=== DATA ===

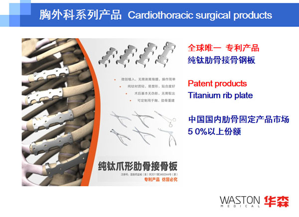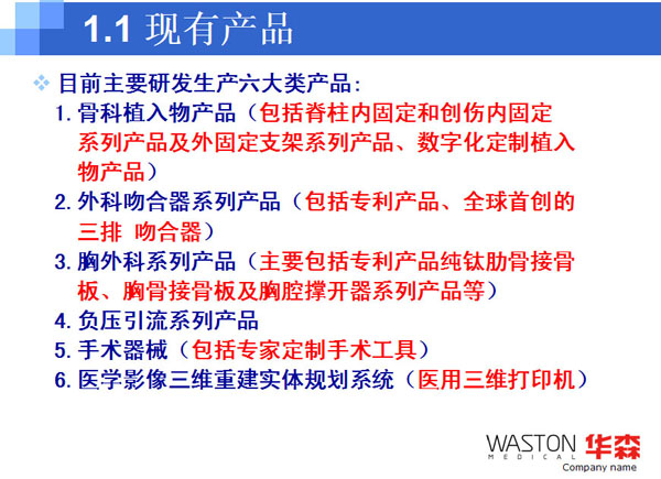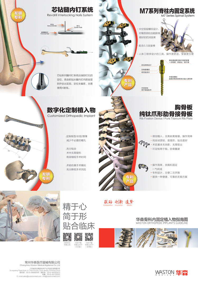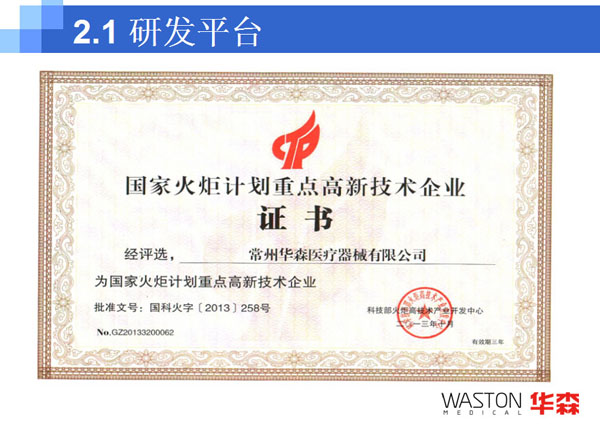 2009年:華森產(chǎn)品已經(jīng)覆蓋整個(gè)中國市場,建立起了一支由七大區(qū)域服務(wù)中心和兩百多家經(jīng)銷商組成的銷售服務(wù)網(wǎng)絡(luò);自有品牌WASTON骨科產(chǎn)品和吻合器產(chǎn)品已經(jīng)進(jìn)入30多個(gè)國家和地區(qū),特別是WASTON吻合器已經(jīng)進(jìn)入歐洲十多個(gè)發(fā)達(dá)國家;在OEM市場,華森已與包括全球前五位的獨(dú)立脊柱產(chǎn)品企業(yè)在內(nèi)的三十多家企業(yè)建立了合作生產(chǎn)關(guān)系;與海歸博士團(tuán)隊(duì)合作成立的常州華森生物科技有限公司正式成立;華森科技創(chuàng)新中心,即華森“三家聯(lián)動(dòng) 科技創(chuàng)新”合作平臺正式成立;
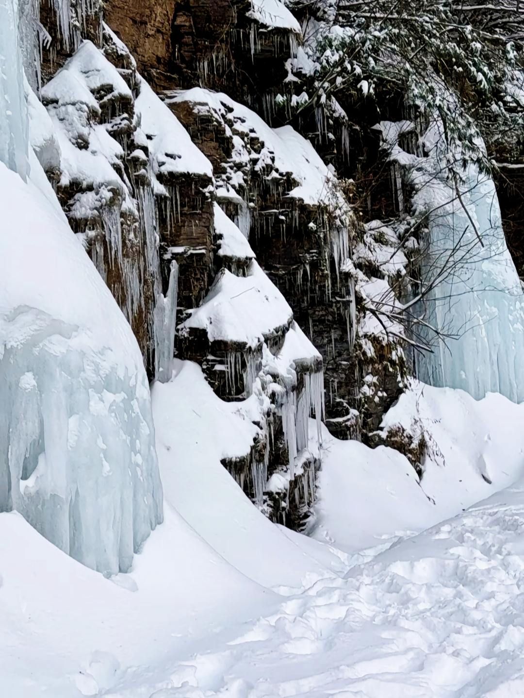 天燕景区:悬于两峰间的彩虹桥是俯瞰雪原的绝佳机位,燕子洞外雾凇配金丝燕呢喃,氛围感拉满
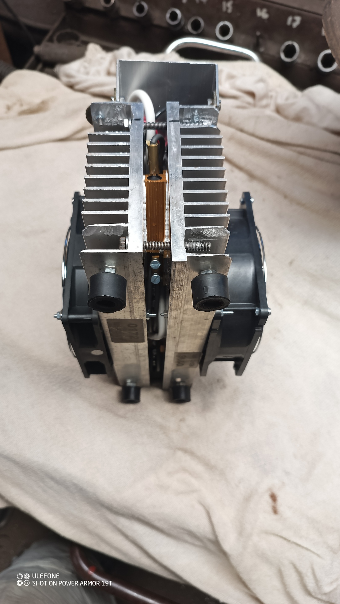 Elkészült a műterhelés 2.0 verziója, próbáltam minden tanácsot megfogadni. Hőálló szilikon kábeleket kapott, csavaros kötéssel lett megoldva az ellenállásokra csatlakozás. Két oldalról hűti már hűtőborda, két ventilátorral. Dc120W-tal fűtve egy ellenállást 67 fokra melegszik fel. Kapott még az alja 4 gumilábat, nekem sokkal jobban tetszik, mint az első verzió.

===
=== DATA ===

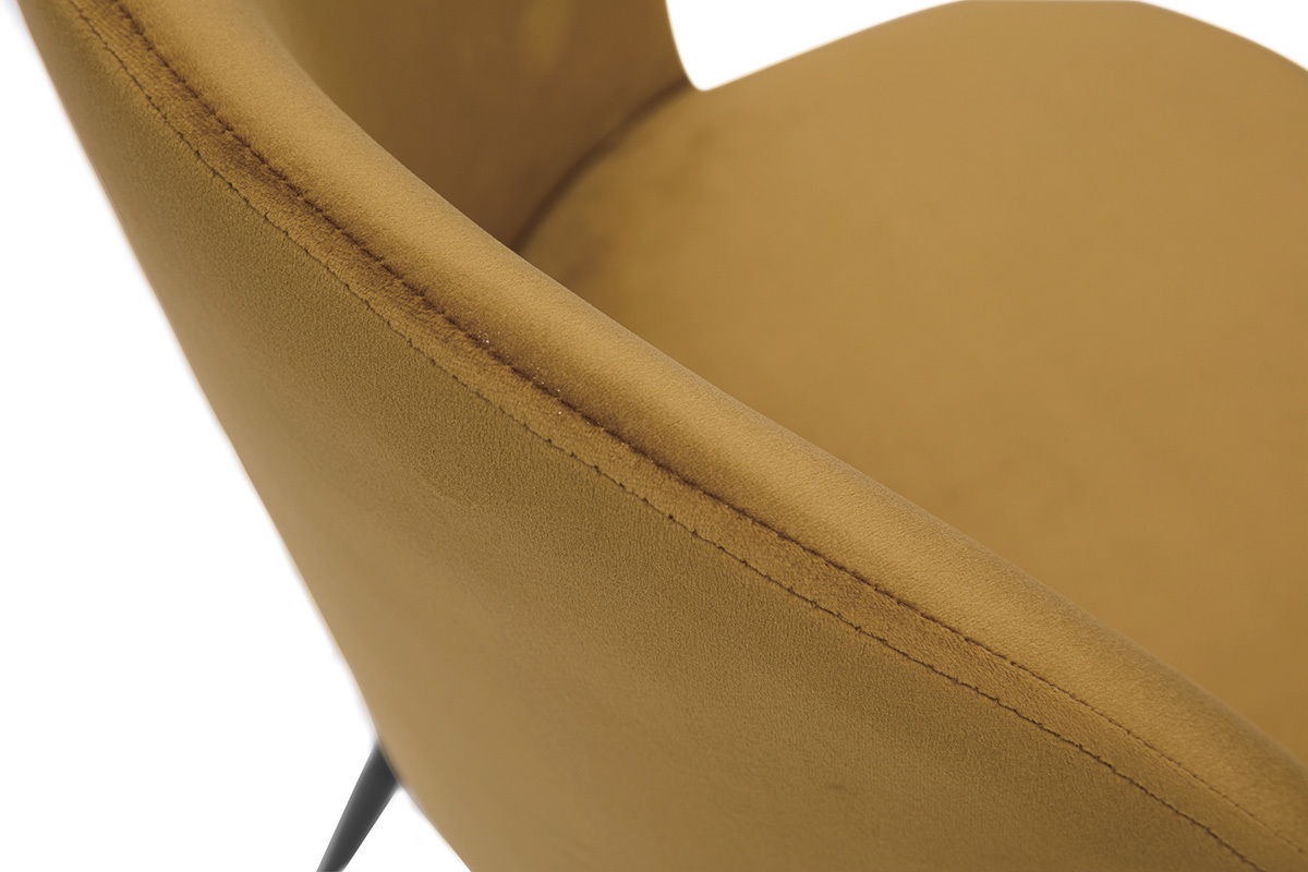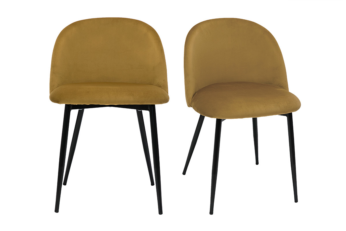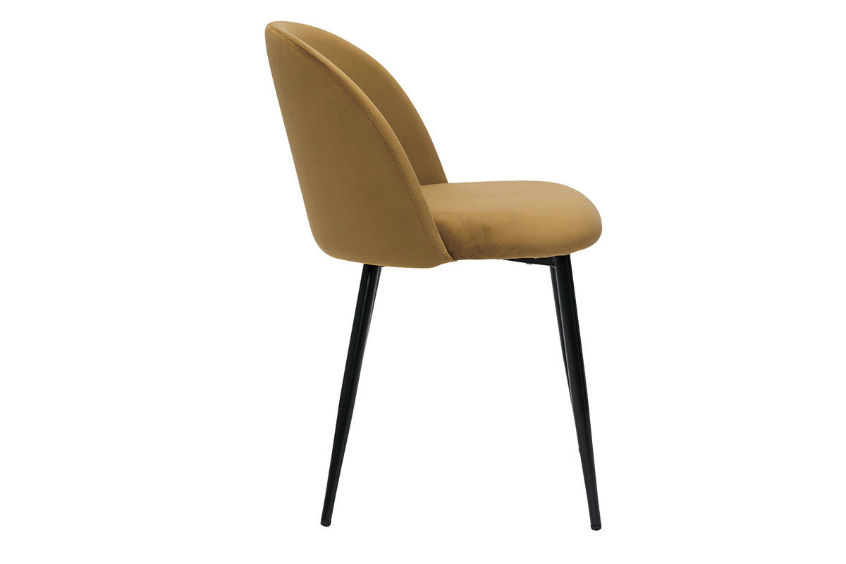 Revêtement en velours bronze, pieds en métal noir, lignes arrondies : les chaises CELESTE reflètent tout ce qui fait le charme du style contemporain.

===
=== DATA ===

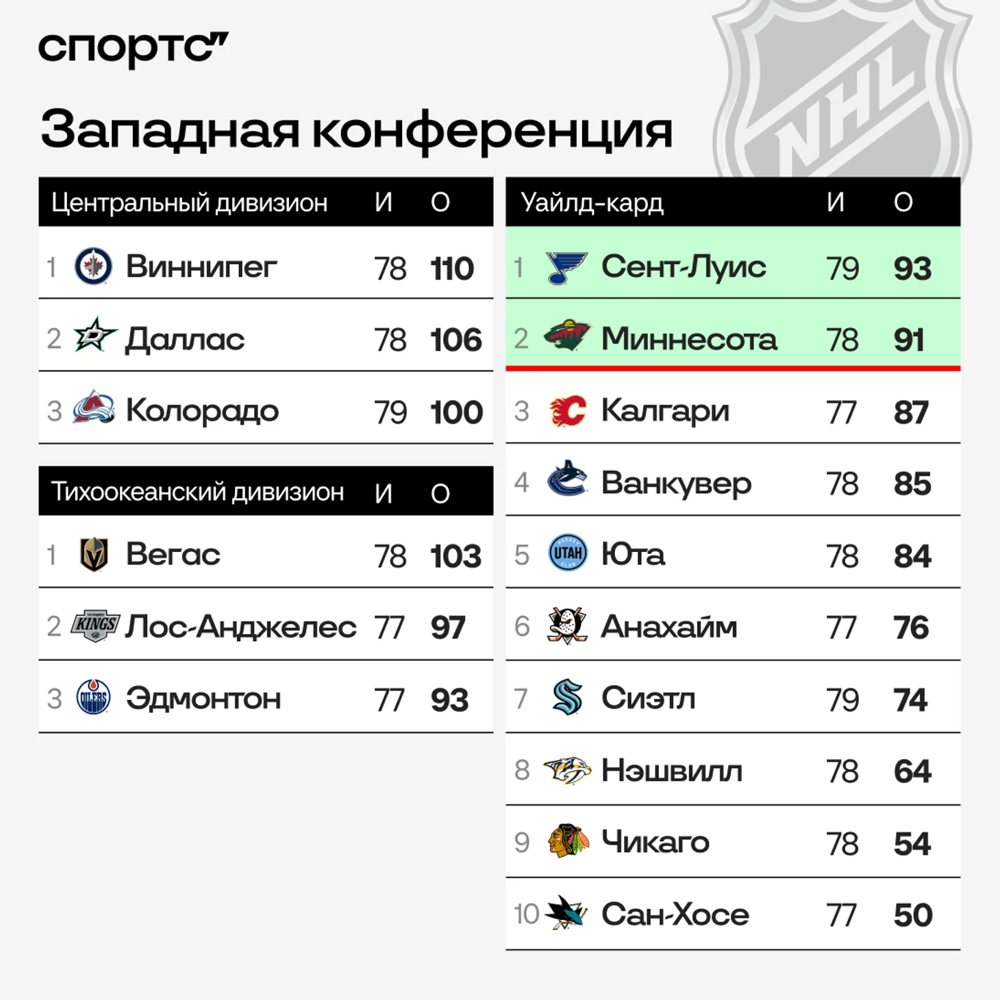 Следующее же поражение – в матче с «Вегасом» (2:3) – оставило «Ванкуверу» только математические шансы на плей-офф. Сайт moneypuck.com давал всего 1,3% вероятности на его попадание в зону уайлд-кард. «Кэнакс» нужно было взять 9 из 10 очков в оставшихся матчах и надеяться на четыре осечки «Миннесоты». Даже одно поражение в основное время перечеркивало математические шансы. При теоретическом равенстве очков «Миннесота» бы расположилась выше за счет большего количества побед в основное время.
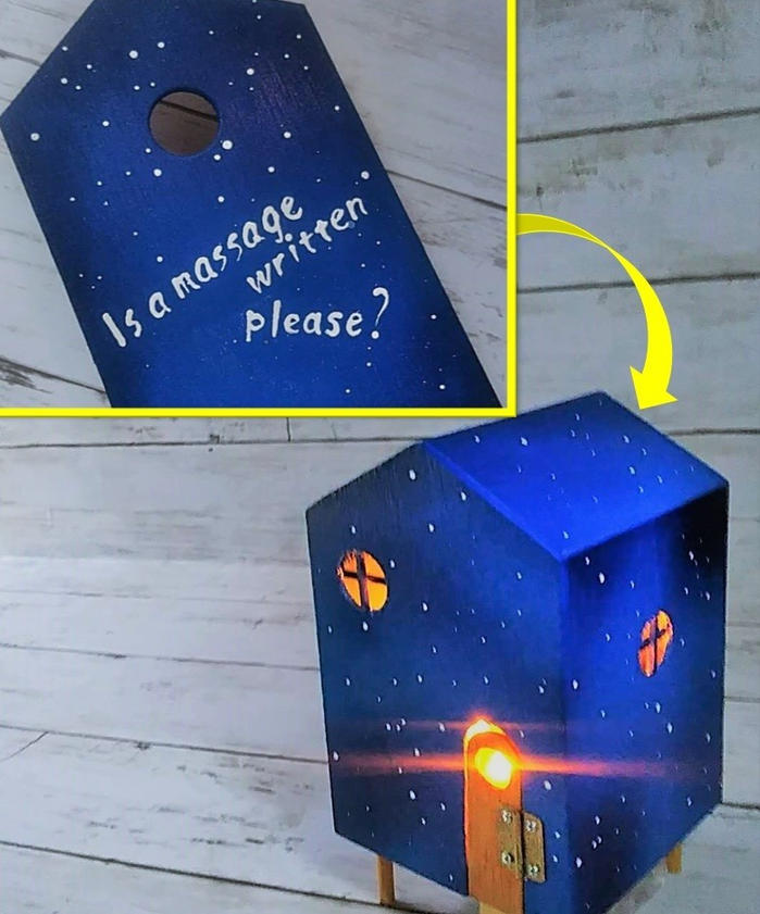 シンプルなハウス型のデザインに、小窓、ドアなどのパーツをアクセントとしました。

===

WHAT NEEDS TO BE DONE = Using the listing above, restate exactly the range between the lines holding "天燕景区:悬于两峰间的彩虹桥" and "Elkészült a műterhelés", inclusive, with pictures left out.

EXERCISE ANSWER =
 天燕景区:悬于两峰间的彩虹桥是俯瞰雪原的绝佳机位,燕子洞外雾凇配金丝燕呢喃,氛围感拉满
 Elkészült a műterhelés 2.0 verziója, próbáltam minden tanácsot megfogadni. Hőálló szilikon kábeleket kapott, csavaros kötéssel lett megoldva az ellenállásokra csatlakozás. Két oldalról hűti már hűtőborda, két ventilátorral. Dc120W-tal fűtve egy ellenállást 67 fokra melegszik fel. Kapott még az alja 4 gumilábat, nekem sokkal jobban tetszik, mint az első verzió.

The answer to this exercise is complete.